WHAT TO DO: When the line with "Den inbjudande lägenheten" turns up below, begin repeating exactly, and carry on through the line with "度假村,是德胧品牌旗下酒店。"; no pictures go into the copy.

PROVIDED ENTRIES:

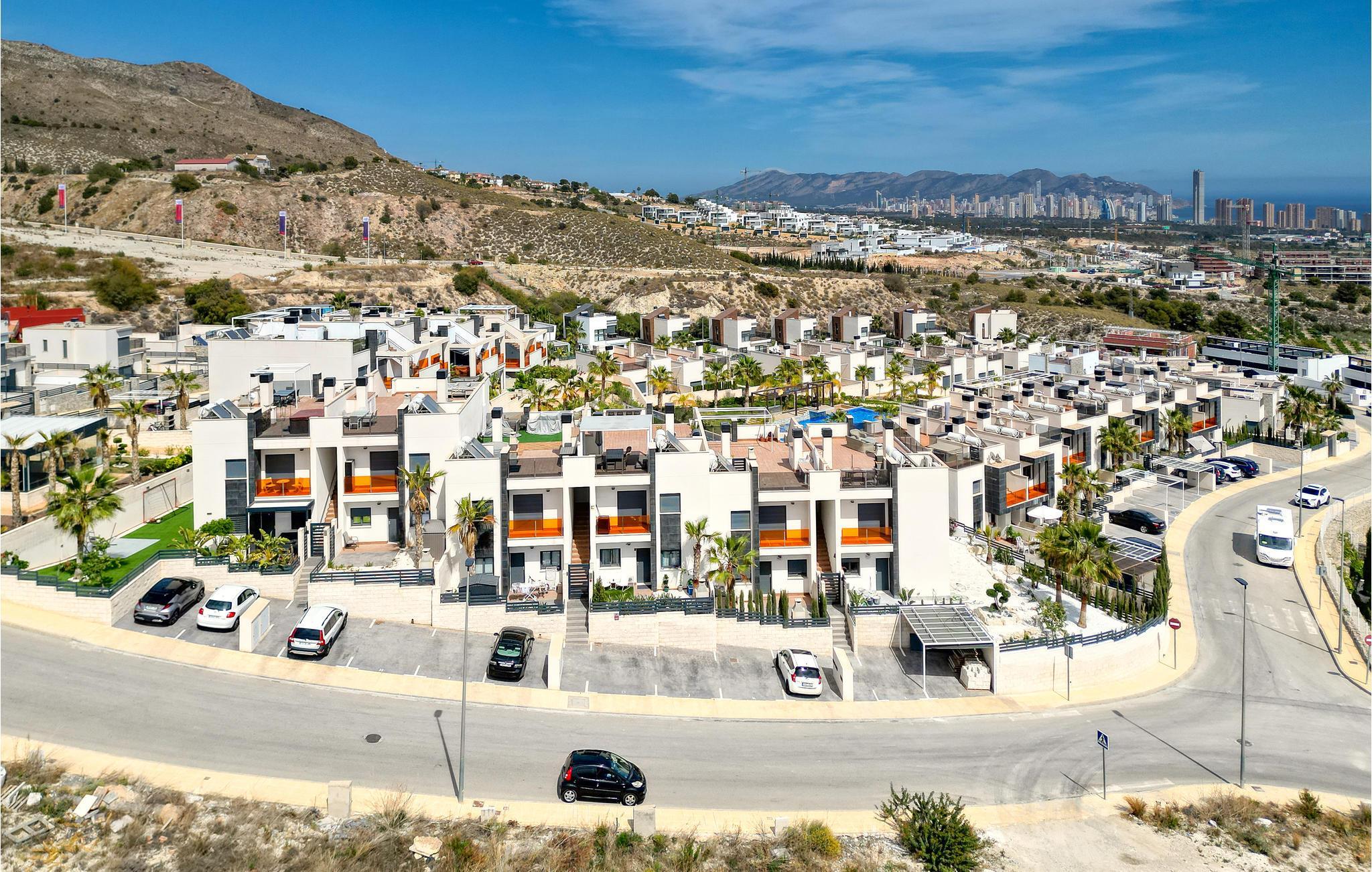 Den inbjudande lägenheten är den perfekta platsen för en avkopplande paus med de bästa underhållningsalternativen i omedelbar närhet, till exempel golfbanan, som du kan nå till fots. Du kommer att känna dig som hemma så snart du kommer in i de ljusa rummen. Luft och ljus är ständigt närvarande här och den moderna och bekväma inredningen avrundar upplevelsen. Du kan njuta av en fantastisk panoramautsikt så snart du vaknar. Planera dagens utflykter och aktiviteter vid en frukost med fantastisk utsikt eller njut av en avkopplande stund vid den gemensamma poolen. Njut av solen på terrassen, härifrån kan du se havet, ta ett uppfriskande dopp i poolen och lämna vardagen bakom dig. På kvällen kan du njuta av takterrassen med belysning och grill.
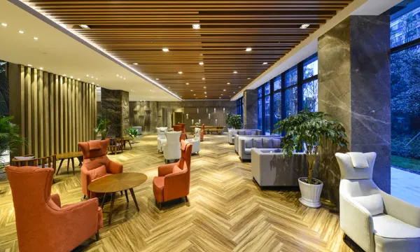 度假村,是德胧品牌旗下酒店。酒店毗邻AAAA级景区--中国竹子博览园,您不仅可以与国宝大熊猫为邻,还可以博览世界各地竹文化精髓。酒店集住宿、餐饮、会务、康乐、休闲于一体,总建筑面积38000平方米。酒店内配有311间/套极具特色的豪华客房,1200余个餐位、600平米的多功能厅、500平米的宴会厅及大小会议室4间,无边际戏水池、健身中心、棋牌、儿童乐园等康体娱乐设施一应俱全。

* * *

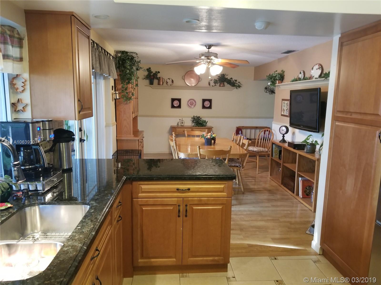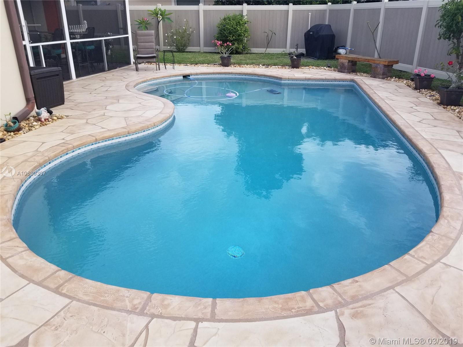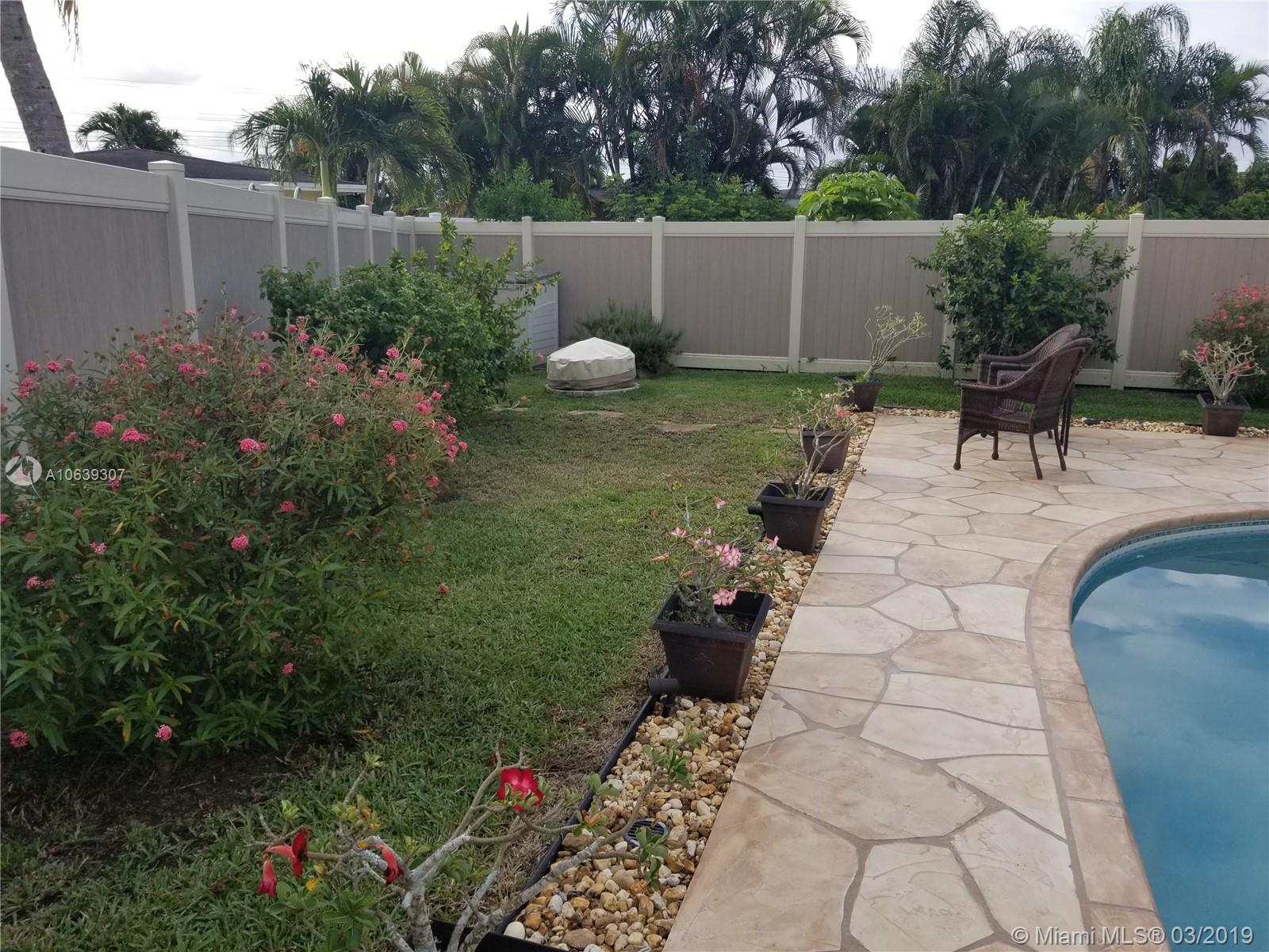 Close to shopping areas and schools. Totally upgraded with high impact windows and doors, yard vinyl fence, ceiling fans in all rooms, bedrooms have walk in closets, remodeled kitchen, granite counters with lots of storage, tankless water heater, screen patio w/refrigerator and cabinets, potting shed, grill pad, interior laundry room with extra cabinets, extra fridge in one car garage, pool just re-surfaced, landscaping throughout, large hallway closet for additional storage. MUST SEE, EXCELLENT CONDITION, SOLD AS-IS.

==

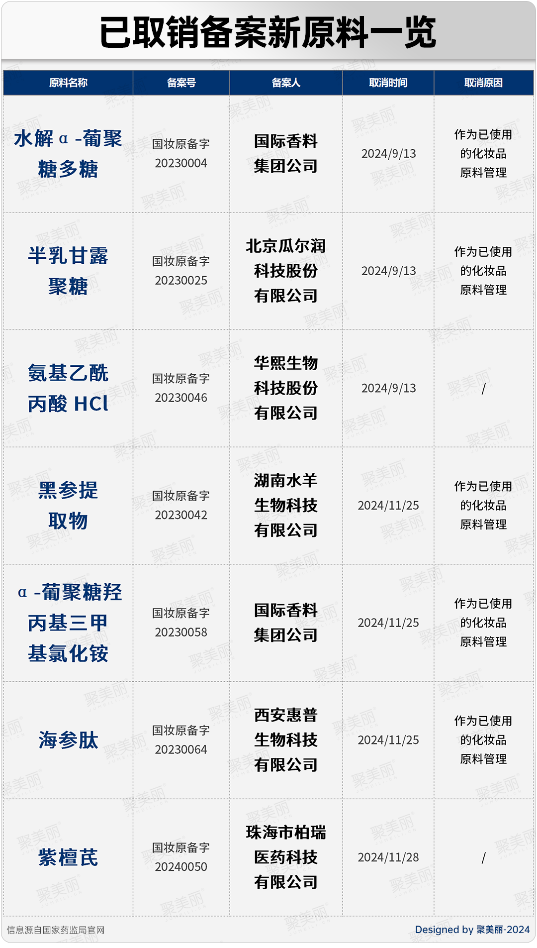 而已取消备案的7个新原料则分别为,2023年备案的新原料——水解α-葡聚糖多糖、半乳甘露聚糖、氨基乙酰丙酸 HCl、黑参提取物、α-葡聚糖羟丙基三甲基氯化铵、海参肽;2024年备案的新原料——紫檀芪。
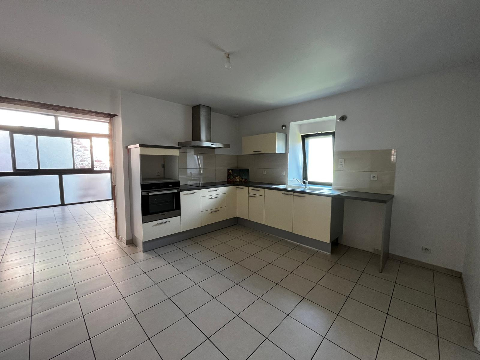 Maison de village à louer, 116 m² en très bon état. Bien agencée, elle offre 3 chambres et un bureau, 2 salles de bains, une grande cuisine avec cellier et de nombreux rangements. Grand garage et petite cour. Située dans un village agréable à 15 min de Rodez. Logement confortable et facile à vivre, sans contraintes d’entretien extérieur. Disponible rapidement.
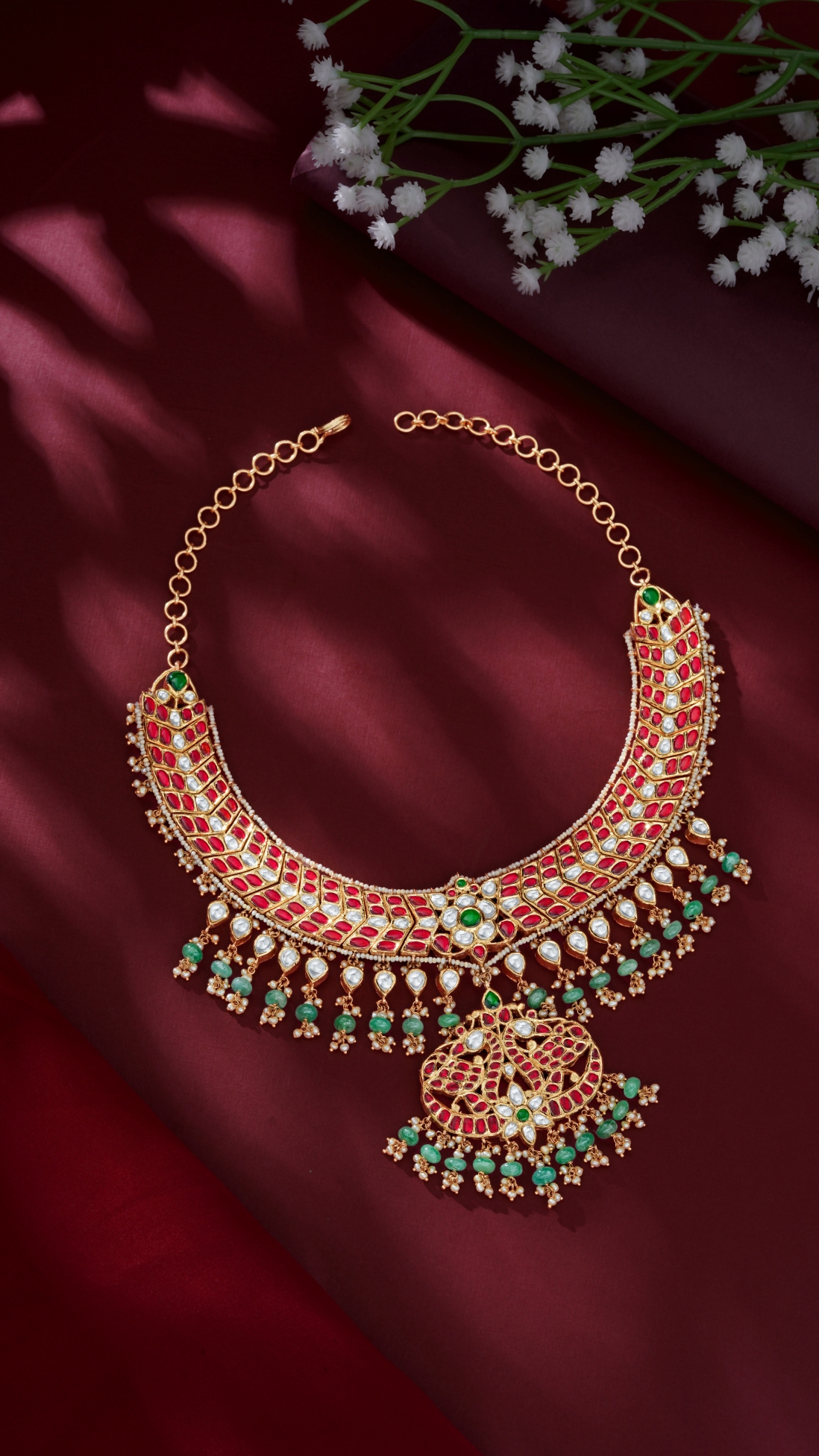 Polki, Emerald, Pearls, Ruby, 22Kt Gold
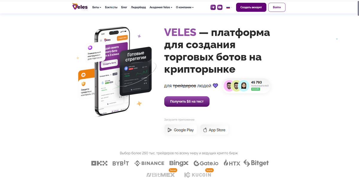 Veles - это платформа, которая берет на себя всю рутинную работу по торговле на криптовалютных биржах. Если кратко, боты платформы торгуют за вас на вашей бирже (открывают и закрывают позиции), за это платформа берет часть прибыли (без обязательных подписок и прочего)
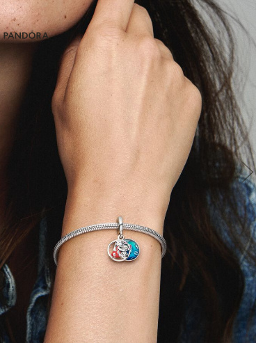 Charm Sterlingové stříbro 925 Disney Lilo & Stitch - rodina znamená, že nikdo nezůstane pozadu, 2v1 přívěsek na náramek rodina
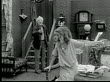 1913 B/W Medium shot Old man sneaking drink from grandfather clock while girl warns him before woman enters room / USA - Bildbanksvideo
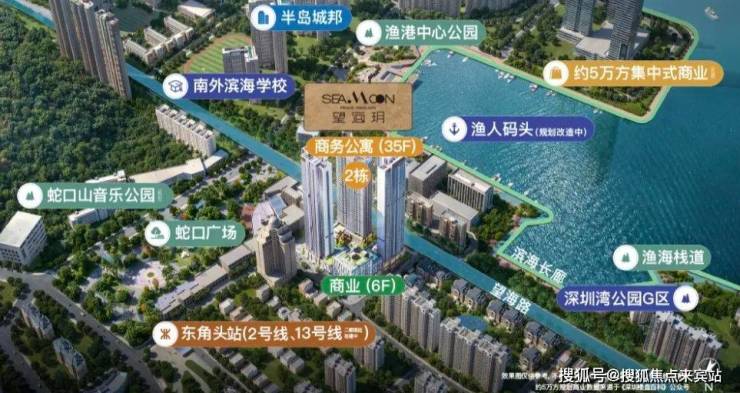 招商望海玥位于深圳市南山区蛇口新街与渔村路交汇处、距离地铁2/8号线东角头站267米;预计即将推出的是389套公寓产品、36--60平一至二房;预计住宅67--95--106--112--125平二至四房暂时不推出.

WRITTEN REPLY:
 Den inbjudande lägenheten är den perfekta platsen för en avkopplande paus med de bästa underhållningsalternativen i omedelbar närhet, till exempel golfbanan, som du kan nå till fots. Du kommer att känna dig som hemma så snart du kommer in i de ljusa rummen. Luft och ljus är ständigt närvarande här och den moderna och bekväma inredningen avrundar upplevelsen. Du kan njuta av en fantastisk panoramautsikt så snart du vaknar. Planera dagens utflykter och aktiviteter vid en frukost med fantastisk utsikt eller njut av en avkopplande stund vid den gemensamma poolen. Njut av solen på terrassen, härifrån kan du se havet, ta ett uppfriskande dopp i poolen och lämna vardagen bakom dig. På kvällen kan du njuta av takterrassen med belysning och grill.
 度假村,是德胧品牌旗下酒店。酒店毗邻AAAA级景区--中国竹子博览园,您不仅可以与国宝大熊猫为邻,还可以博览世界各地竹文化精髓。酒店集住宿、餐饮、会务、康乐、休闲于一体,总建筑面积38000平方米。酒店内配有311间/套极具特色的豪华客房,1200余个餐位、600平米的多功能厅、500平米的宴会厅及大小会议室4间,无边际戏水池、健身中心、棋牌、儿童乐园等康体娱乐设施一应俱全。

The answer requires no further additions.